** GIVEN DATA follows **

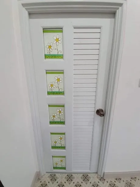 ภายในตัวบ้านใช้สีทาภายในโทนสีขาว กระเบื้องปูพื้นสีครีมของแกรนิตโต้ และติดตั้งบัวสีขาว เพื่อให้ส่วนที่เป็นผนังกับพื้นดูเป็นมิติและมีสัดส่วนอย่างลงตัว ประตูห้องนั้นเลือกใช้ประตูไม้สีขาว ในส่วนประตูส่วนที่จะออกทางหลังบ้านนั้น เจ้าของบ้านเลือกใช้ประตูกระจกบานพับขอบสีดำ ฝ้าของบ้านเป็นแบบฝ้าฉาบเรียบสีขาว เมื่อเข้ามาภายในบ้านมองโดยภาพรวม ให้ความรู้สึกสะอาดโล่งโปร่ง
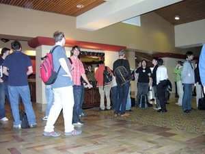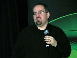 Лёгкий завтрак, и все уже внимательно слушают первого выступающего, представителя компании Microsoft. Бойкий мужчина с трудно выговариваемым именем Кевин Юнангст (Kevin Unangst) решил продемонстрировать эволюцию компьютерных игр для ОС Windows на примере известных симуляторов-леталок «Microsoft Flight Simulator».
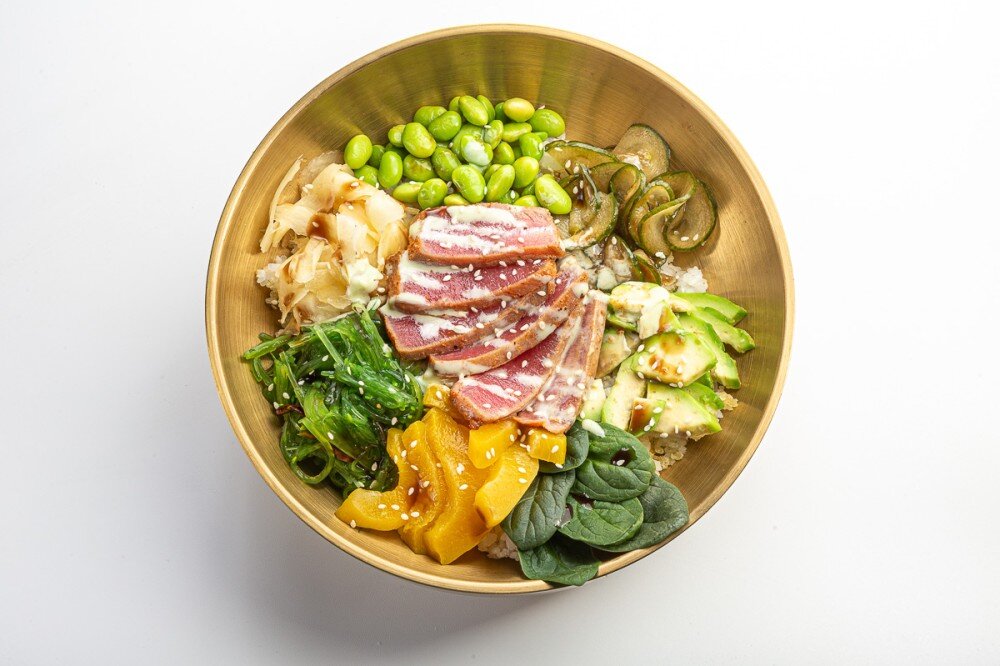 Рис, тунец, маринованный имбирь, салат Чука, авокадо, персик, шпинат, бобы эдамаме, маринованный огурец, соус Ореховый, соус Унаги, соус Васаби, кунжут, стружка темпура
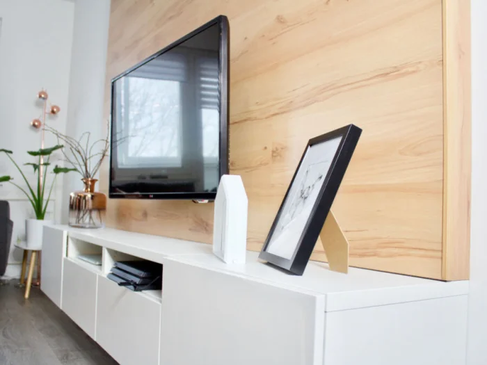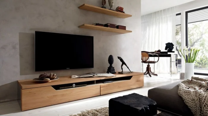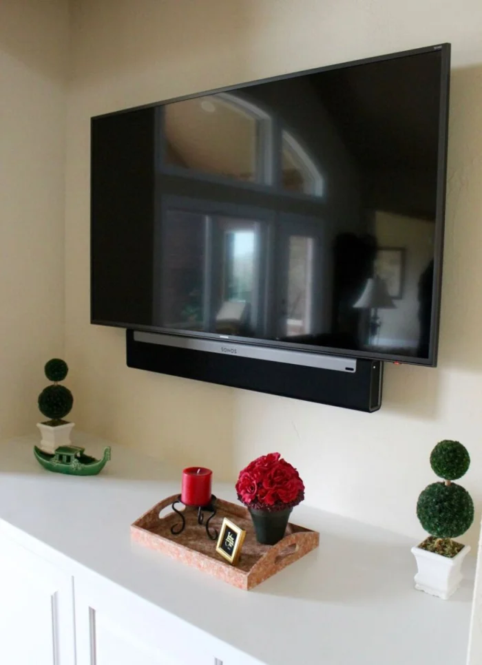 - Дает возможность максимально близко придвинуть телевизор к стене. Он буквально сливается с поверхностью, как картина.
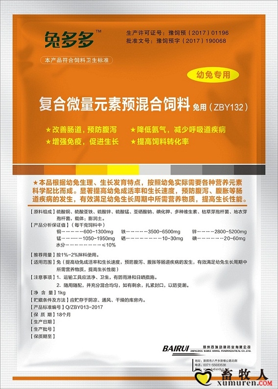 兔多多2%种兔预混料主要特点: 1、增进食欲,促进营养吸收。 2、预防腹胀、腹泻等肠道疾病发生。 3、降低兔舍氨气,减少种兔呼吸道疾病发生。 4、对母兔产后乳房炎,幼兔黄尿病有显著预防作用。5、均衡种兔体质,促进发情,增强繁殖性能。 6、降低因注射疫苗、运输、天气等造成的应激反应。7、全面补充营养,有效预防因营养缺乏造成的咬毛、吃毛、瘫痪等情况的发生。 8、无抗生素添加,适合长期发展使用。 兔多多兔预混料详细说明:
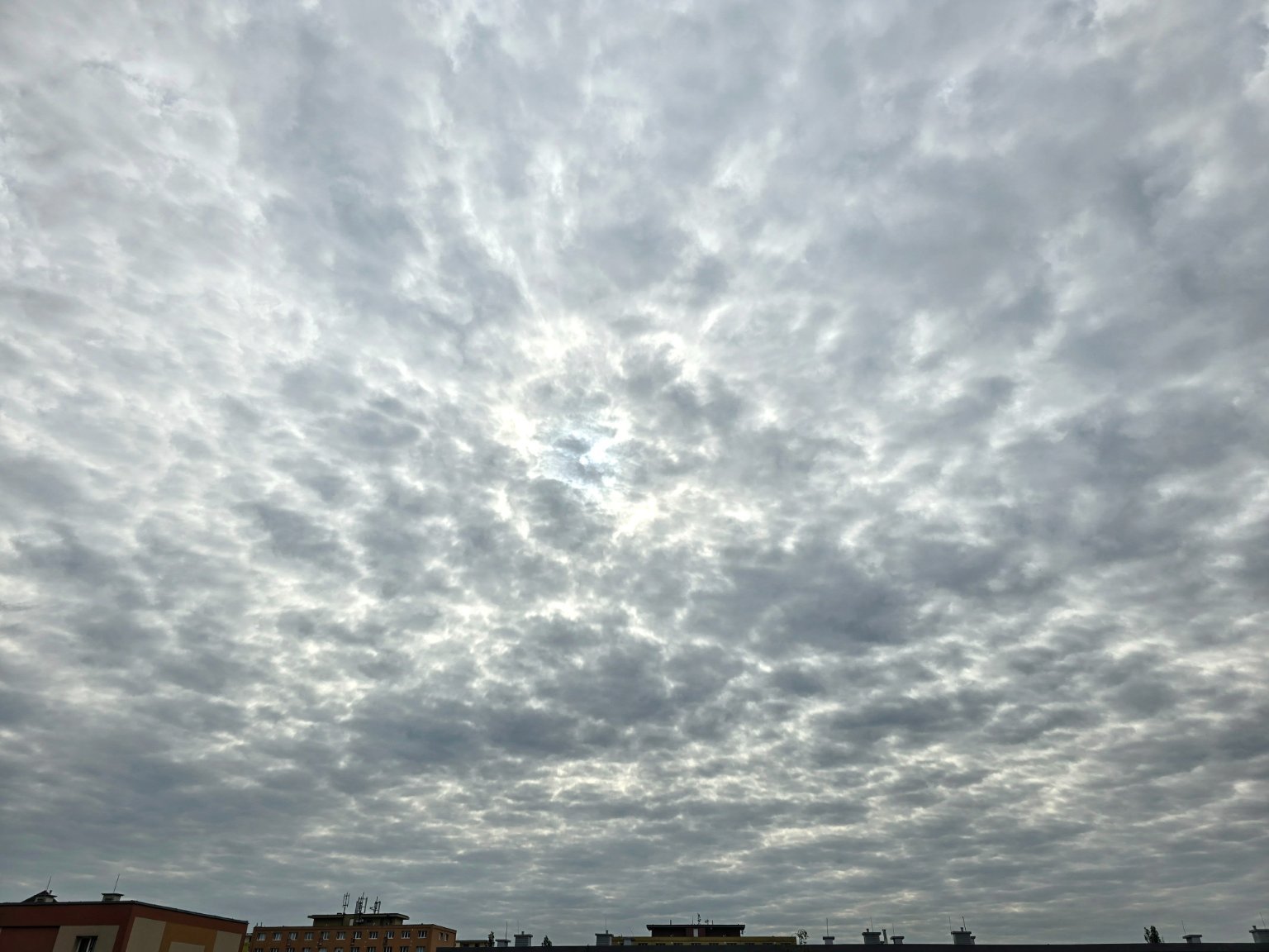 Je zataženo a bezvětří. Před chvílí spadlo několik kapek.

** End of GIVEN DATA **

_TASK BRIEF:_
Word for word, give the listing above again, but drop any pictures.

_RESPONSE TO THE TASK:_
 ภายในตัวบ้านใช้สีทาภายในโทนสีขาว กระเบื้องปูพื้นสีครีมของแกรนิตโต้ และติดตั้งบัวสีขาว เพื่อให้ส่วนที่เป็นผนังกับพื้นดูเป็นมิติและมีสัดส่วนอย่างลงตัว ประตูห้องนั้นเลือกใช้ประตูไม้สีขาว ในส่วนประตูส่วนที่จะออกทางหลังบ้านนั้น เจ้าของบ้านเลือกใช้ประตูกระจกบานพับขอบสีดำ ฝ้าของบ้านเป็นแบบฝ้าฉาบเรียบสีขาว เมื่อเข้ามาภายในบ้านมองโดยภาพรวม ให้ความรู้สึกสะอาดโล่งโปร่ง
 Лёгкий завтрак, и все уже внимательно слушают первого выступающего, представителя компании Microsoft. Бойкий мужчина с трудно выговариваемым именем Кевин Юнангст (Kevin Unangst) решил продемонстрировать эволюцию компьютерных игр для ОС Windows на примере известных симуляторов-леталок «Microsoft Flight Simulator».
 Рис, тунец, маринованный имбирь, салат Чука, авокадо, персик, шпинат, бобы эдамаме, маринованный огурец, соус Ореховый, соус Унаги, соус Васаби, кунжут, стружка темпура
 - Дает возможность максимально близко придвинуть телевизор к стене. Он буквально сливается с поверхностью, как картина.
 兔多多2%种兔预混料主要特点: 1、增进食欲,促进营养吸收。 2、预防腹胀、腹泻等肠道疾病发生。 3、降低兔舍氨气,减少种兔呼吸道疾病发生。 4、对母兔产后乳房炎,幼兔黄尿病有显著预防作用。5、均衡种兔体质,促进发情,增强繁殖性能。 6、降低因注射疫苗、运输、天气等造成的应激反应。7、全面补充营养,有效预防因营养缺乏造成的咬毛、吃毛、瘫痪等情况的发生。 8、无抗生素添加,适合长期发展使用。 兔多多兔预混料详细说明:
 Je zataženo a bezvětří. Před chvílí spadlo několik kapek.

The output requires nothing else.